Infectious Diseases
Infectious Diseases 3
Diego A. Cruz Vidal, MD (he/him/his)
Fellow
Nationwide Children's Hospital
Columbus, Ohio, United States
This single-center, prospective, observational study is open to children < 18 years old, excluding those with leukopenia due to myeloablative therapy. Subjects are enrolled and sampled within 48 hours of septic shock onset. Whole blood is stimulated with 500 pg/ml LPS for 4 hrs at 37°C and TNFα is measured in the supernatant. Additional whole blood aliquots are stimulated with 10 µg/ml phytohemagglutinin (PHA, a lymphocyte stimulant) for 24 hrs at 37°C and interleukin (IL)-2, IL4, IL5, IL10, IL12, IL13, IL17, IFNγ, and TNFα are measured in the supernatants. Identical sampling and processing were done in a cohort of healthy control children. Data represents median (IQR).
Results:
16 children with septic shock (age: 15 [8-16] years, 58% male, PRISM III score: 9 [6-12]) and 6 healthy controls (age: 7 [5-9] years, 67% male) have been enrolled. Among septic subjects, 12% had baseline immunocompromise, 56% received hydrocortisone. Ex-vivo TNFα production capacity was lower in children with septic shock vs healthy controls (272 vs 1273 pg/mL), and 6 (38%) had immunoparalysis (Fig 1-A, B).

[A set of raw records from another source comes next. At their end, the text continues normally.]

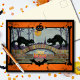 Celebrate Halloween with this beautifully designed vintage postcard featuring two black cats prowling on a spooky bridge under a full moon. Framed with classic Halloween elements like pumpkins, spider webs, and bats, this postcard captures the essence of old-school Halloween charm. Perfect for sending spooky greetings or for collectors of unique holiday-themed postcards.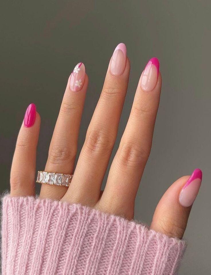 This design blends soft pink bases with bright pink French tips, accented by small white flowers. It has a cheerful, flirty vibe with a fresh seasonal twist.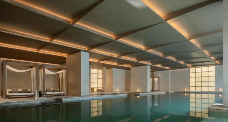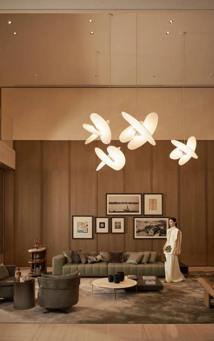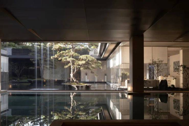 归心会所:约1200m²的下沉式会所,自然放松,身心滋养,全落地玻璃围合的艺术感大堂,光影共济的木纱过厅,水景交融的天光会客厅,展陈艺术的艺术廊厅以及宁波首个东方疗愈泳池,五大会所空间,高定宁波家族奢享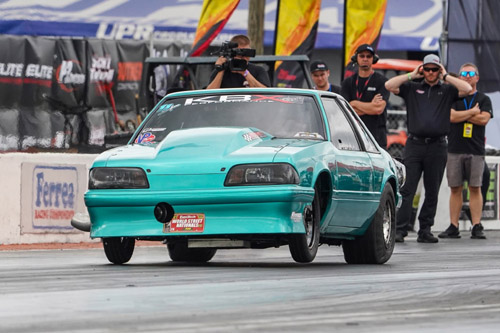 Lyle Barnett, who's competing in three classes this weekend, took the provisional No. 1 spot in Pro 275 behind the wheel of Tommy Youmans' ProCharged "Salvage Title" Mustang. He ran a 3.676 at 202.30, which is coincidentally the same E.T. he used to qualify No. 30 in Pro Mod. Nick Lacerenza qualified No. 2 with a 3.773 at 199.70 in his ProCharged '90 Mustang. Ocala, Florida's Chad Opaleski is third in his screw-blown '66 Chevelle with a 3.803 at 198.79.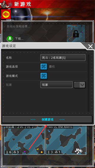 1、在游戏设置界面选择“死斗:2名玩家”模式,点击“创建游戏”进入关卡,核心玩法是建造防御设施、训练单位,击败敌方势力。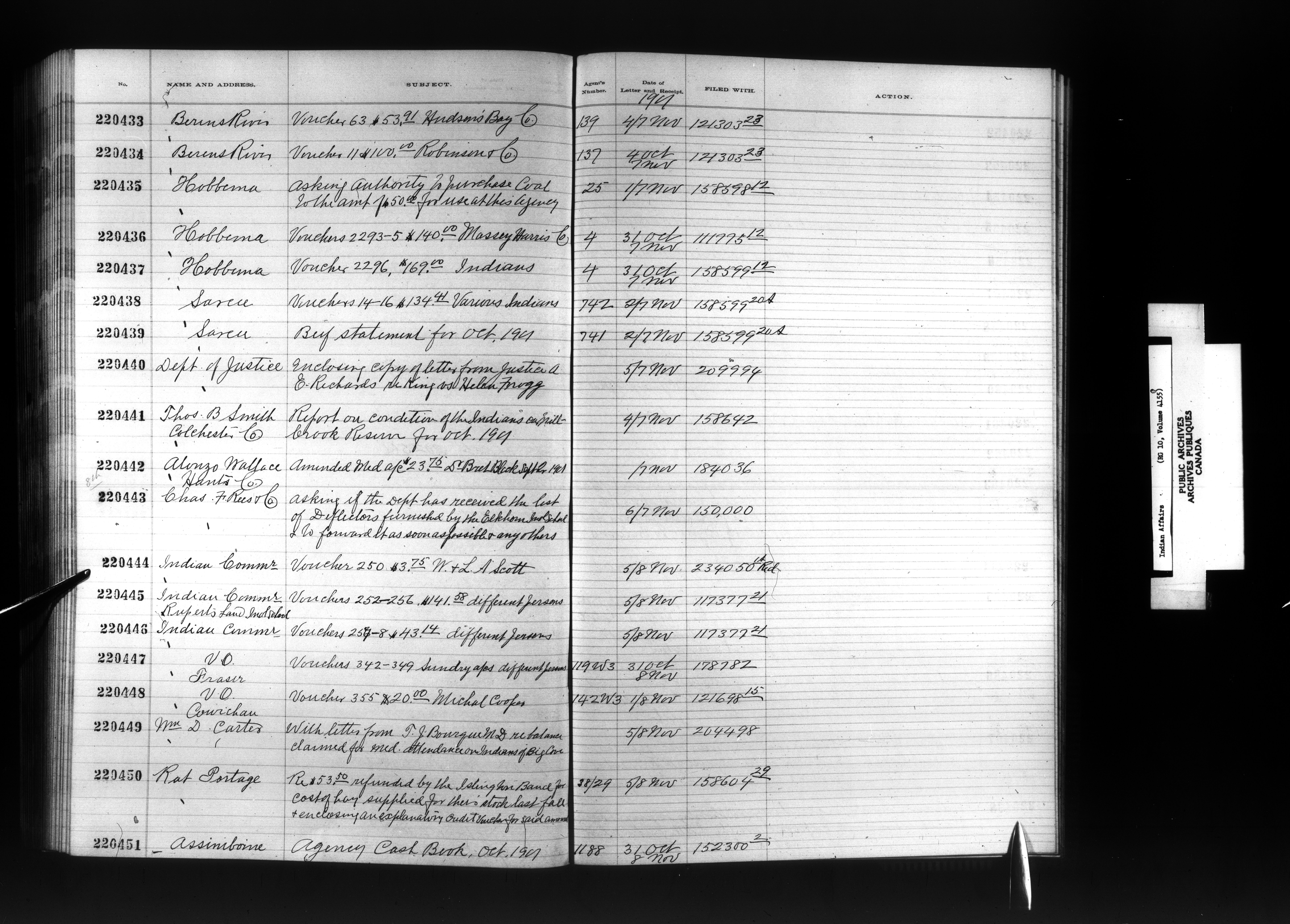 Department of Indian Affairs, Headquarters central registry system :registers, indices and indexed registers : C-9034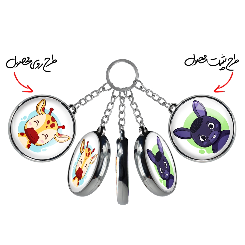 جاکلیدی دوطرفه زرافه حیوانات بامزه خندالو محصولی کاربردی و جدید است که در هر دو سمت محصول، تصویری متفاوت اما از یک موضوع چاپ شده و تفاوت اصلی آن با جاکلیدی های یک طرفه در همین است که هر دو سمت پشت و روی جاکلیدی، طرحی دیدنی و جذاب دارد. همچنین رینگ بکار برده شده برای دور طرح ها آبکاری کروم درجه یک و رنگ ثابت است و برخلاف سایر محصولات مشابه، از رنگ های متفرقه و یا سفید استفاده نشده، که این مهم، زیبایی محصول نهایی را چند برابر کرده است. جاکلیدی های دوطرفه زرافه حیوانات بامزه با استفاده از روکش سلفون براق ضدخش تولید شده که خاصیت ضدخش بودن آن عمر مفید استفاده از جاکلیدی ها را افزایش میدهد. چاپ جاکلیدی ها با دستگاه های استاندارد و با بهترین سطح کیفیت صورت گرفته و طرح با شفافیتی مثال زدنی و با سلفون چسبی تولید شده است که باعث شده محصول نهایی بدون شکست نور دیده شود. همچنین بسته بندی جذاب و مینیمال جاکلیدی دوطرفه زرافه حیوانات بامزه، آنها را محصولی مناسب هدیه کرده است. زنجیر و حلقه بکار برده شده در جاکلیدی خندالو از نوع حلقه ضخیم و محکم بوده و حین استفاده آسیب نمی بیند.

Ex vivo PHA-induced cytokine production was significantly lower in subjects with sepsis vs healthy control for IL2, TNFα, IL12, IL4, and IL5 (Fig 2). The cytokine production capacity was lower in subjects with immunoparalysis vs healthy controls for IL2, IL4, IL5 (6.9 vs 12 pg/ml, p=0.009), IL12, and TNFα. Subjects with sepsis but without immunoparalysis had lower ex vivo PHA-induced production capacities for IL5, IL12, and TNFα vs healthy controls (Fig 3).
Conclusion(s):
Immunoparalysis in septic children is associated with suppression of both innate and adaptive immune responses. PHA-induced cytokine production capacity seems to be decreased in children with septic shock without skewing towards a particular T-cell phenotype. Patients with immunoparalysis may have a different profile of decreased PHA-induced cytokine production capacity. This approach could be used to drive enrollment into future clinical trials of immunomodulatory therapies aimed at restoring adaptive immune function in septic children.